Here openai-gpt is using first generation of GPT associated with https://cdn.openai.com/research-covers/language-unsupervised/language_understanding_paper.pdf

https://huggingface.co/openai-gpt

In [None]:
from google.colab import userdata
hf_api_key= userdata.get('hugging_face_key')

In [None]:
temp_values=[0.0001,0.2,0.3,0.5,0.7,0.8, 0.9, 1]
response_df = pd.DataFrame(columns=["Prompt", "Engine", "Response", "Temperature"])
prompts = [
    "Complete the following sentence thoughtfully and honestly with your own words. There are no right or wrong response: Raising a family",
    "Complete the following sentence thoughtfully and honestly with your own words. There are no right or wrong response: When I am criticized",
    "Complete the following sentence thoughtfully and honestly with your own words. There are no right or wrong response: Change is",
    "Complete the following sentence thoughtfully and honestly with your own words. There are no right or wrong response: Education",
    "Complete the following sentence thoughtfully and honestly with your own words. There are no right or wrong response: When people are helpless",
    "Complete the following sentence thoughtfully and honestly with your own words. There are no right or wrong response: The past",
    "Complete the following sentence thoughtfully and honestly with your own words. There are no right or wrong response: I just can’t stand people who",
    "Complete the following sentence thoughtfully and honestly with your own words.

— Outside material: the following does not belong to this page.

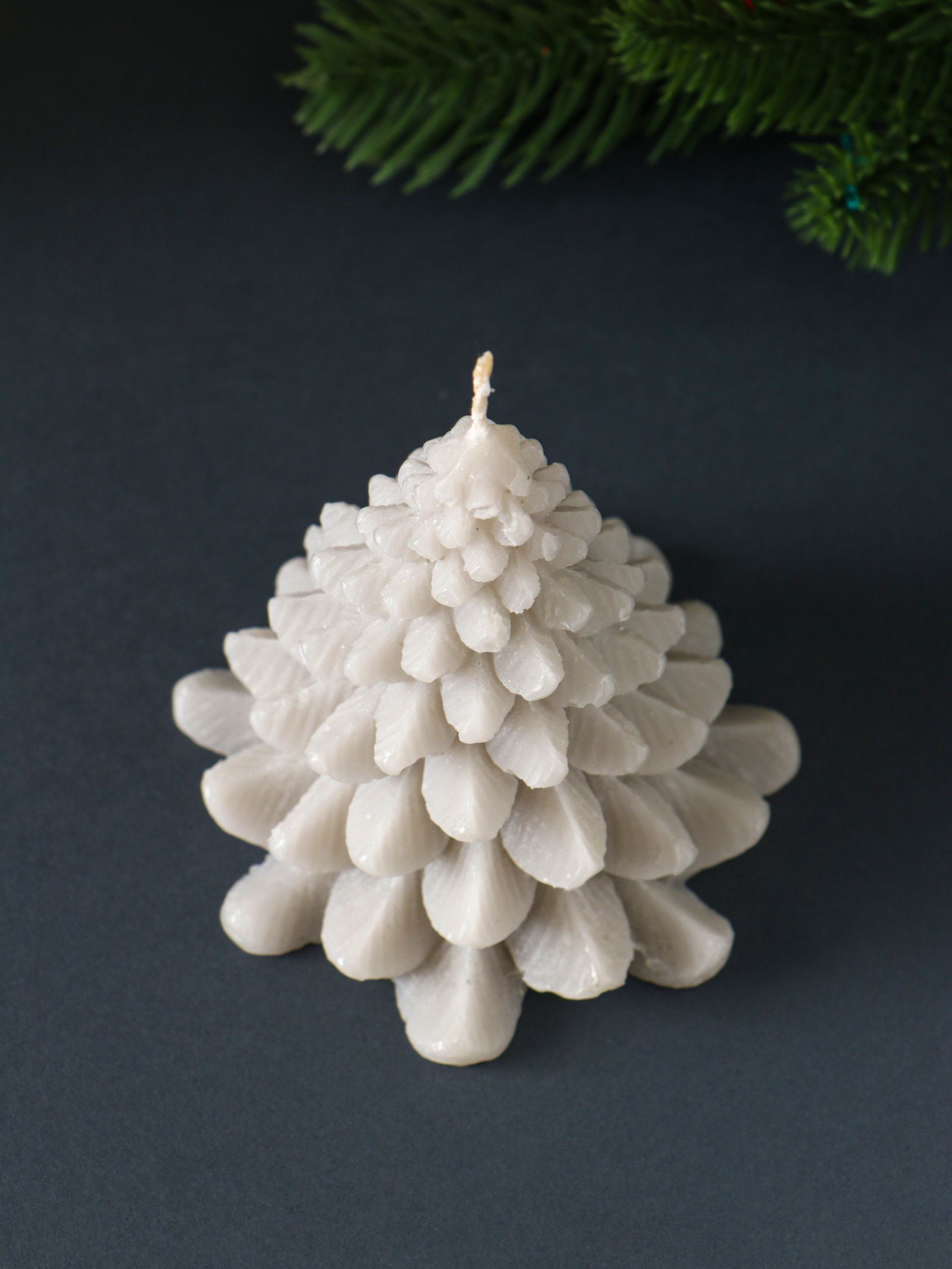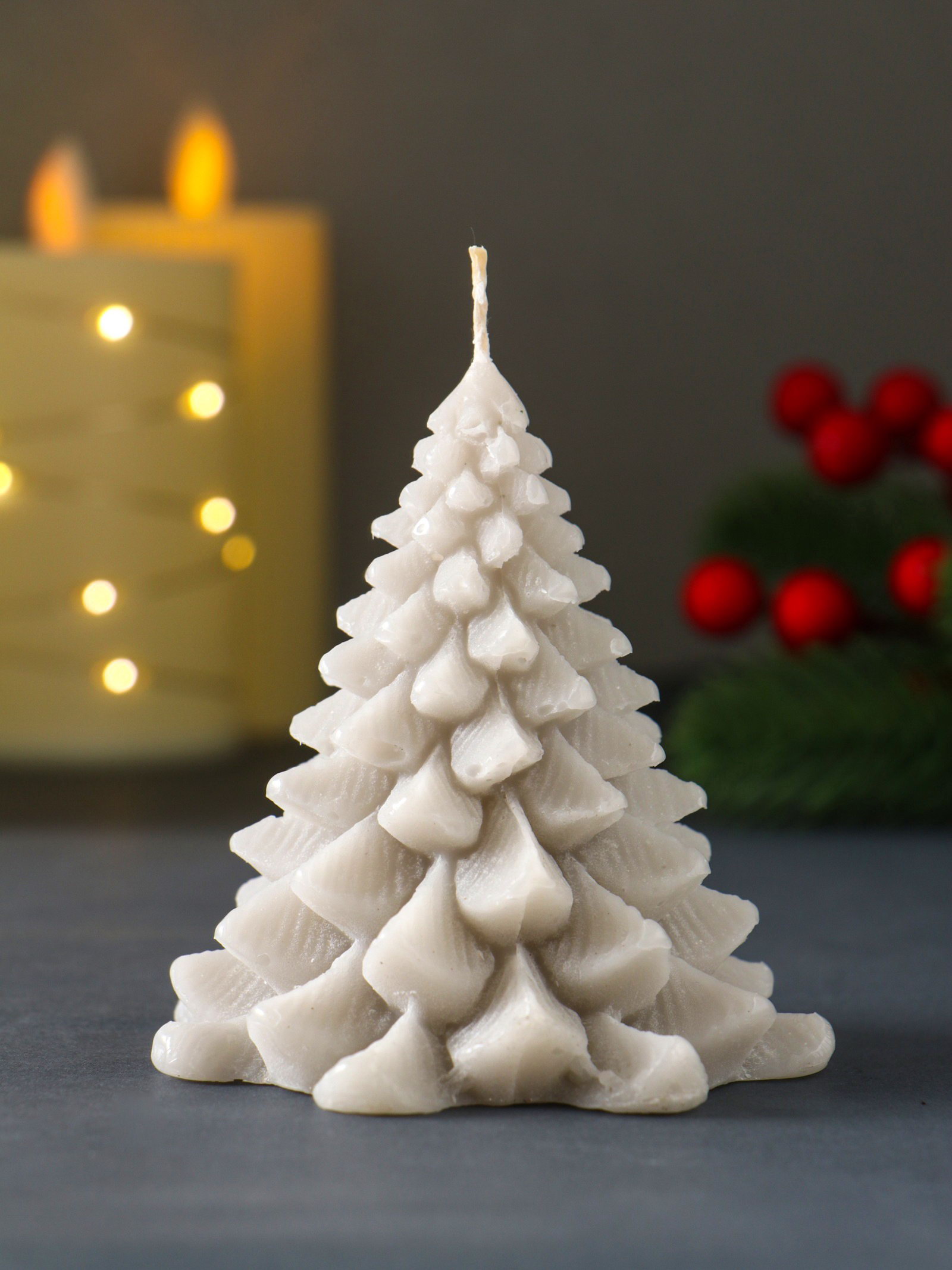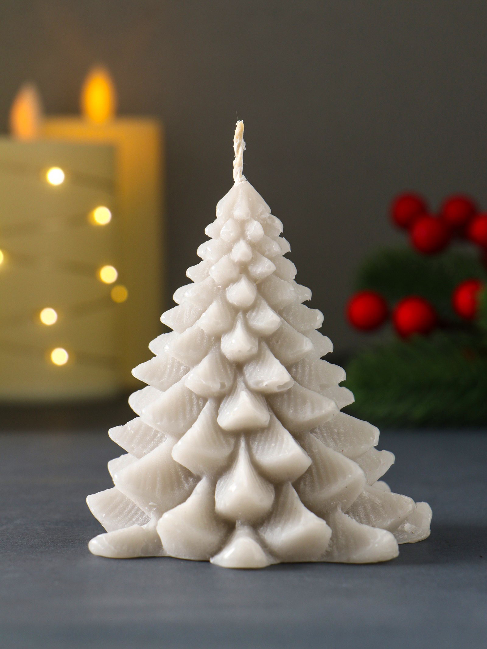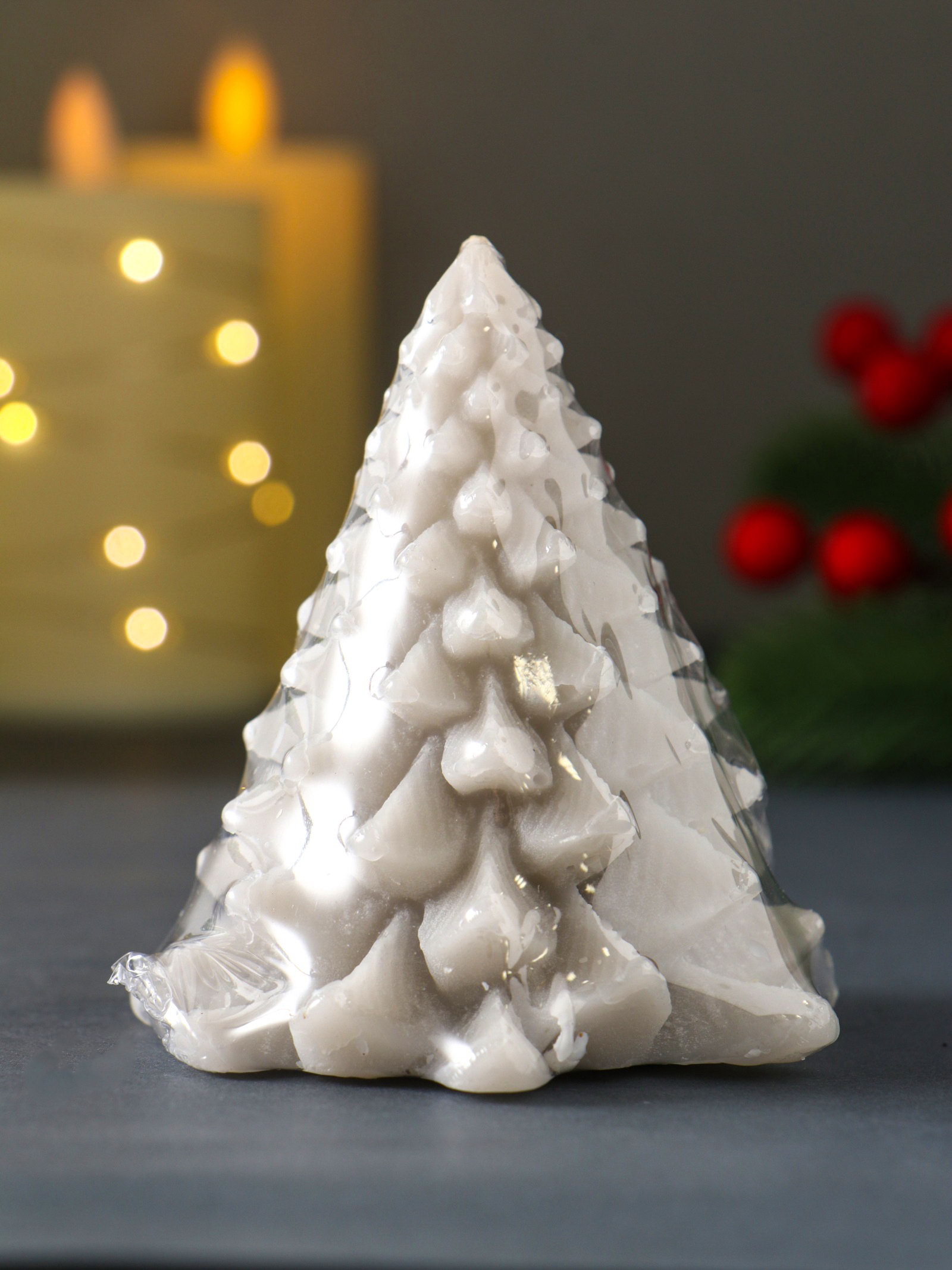 Свеча новогодняя "Ель пушистая", 80x80x90 мм, серебро, Россия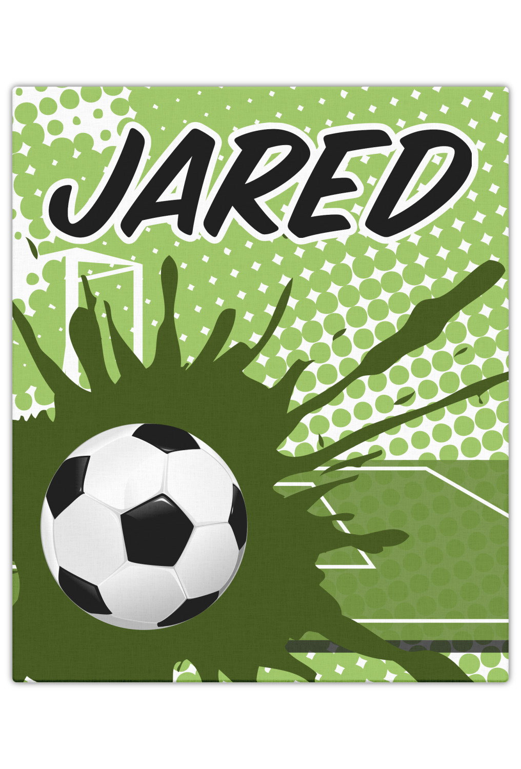 This fun design has a cool abstract background with a soccer field and splatters of different shades of green. There is a soccer ball in the left corner of the design while your personalization goes towards the top. This is a great design for any teen or kid who loves soccer. Easily change the neutral colors to something more masculine or feminine.

There are no right or wrong response: Rules",
    "Complete the following sentence thoughtfully and honestly with your own words. There are no right or wrong response: At times I worry about",
    "Complete the following sentence thoughtfully and honestly with your own words. There are no right or wrong response: Privacy",
    "Complete the following sentence thoughtfully and honestly with your own words. There are no right or wrong response: Sometimes I wish that",
    "Complete the following sentence thoughtfully and honestly with your own words. There are no right or wrong response: A good boss"
]

In [None]:
model_blm_560m = BloomForCausalLM.from_pretrained("bigscience/bloomz-560m", token=hf_api_key)
tokenizer_blm_560m = BloomTokenizerFast.from_pretrained("bigscience/bloomz-560m", token=hf_api_key)



In [None]:
model_bloomz_1b1 = BloomForCausalLM.from_pretrained("bigscience/bloomz-1b1", token=hf_api_key)
tokenizer_bloomz_1b1 = BloomTokenizerFast.from_pretrained("bigscience/bloomz-1b1", token=hf_api_key)


In [None]:
tokenizer_gpt_j_6b = AutoTokenizer.from_pretrained("EleutherAI/gpt-j-6b", token=hf_api_key)
model_gpt_j_6b = AutoModelForCausalLM.from_pretrained("EleutherAI/gpt-j-6b", token=hf_api_key)

In [None]:
model_bloomz_3b = BloomForCausalLM.from_pretrained("bigscience/bloomz-3b", token=hf_api_key)
tokenizer_bloomz_3b = BloomTokenizerFast.from_pretrained("bigscience/bloomz-3b", token=hf_api_key)


In [None]:
def generate_responses(model, tokenizer, engine_name, max_lengths, temp_values, prompts, pad_token_id=None, attention_mask=None, sample= False):
    response_df = pd.DataFrame(columns=["Prompt", "Engine", "Response", "Temperature", "max_length"])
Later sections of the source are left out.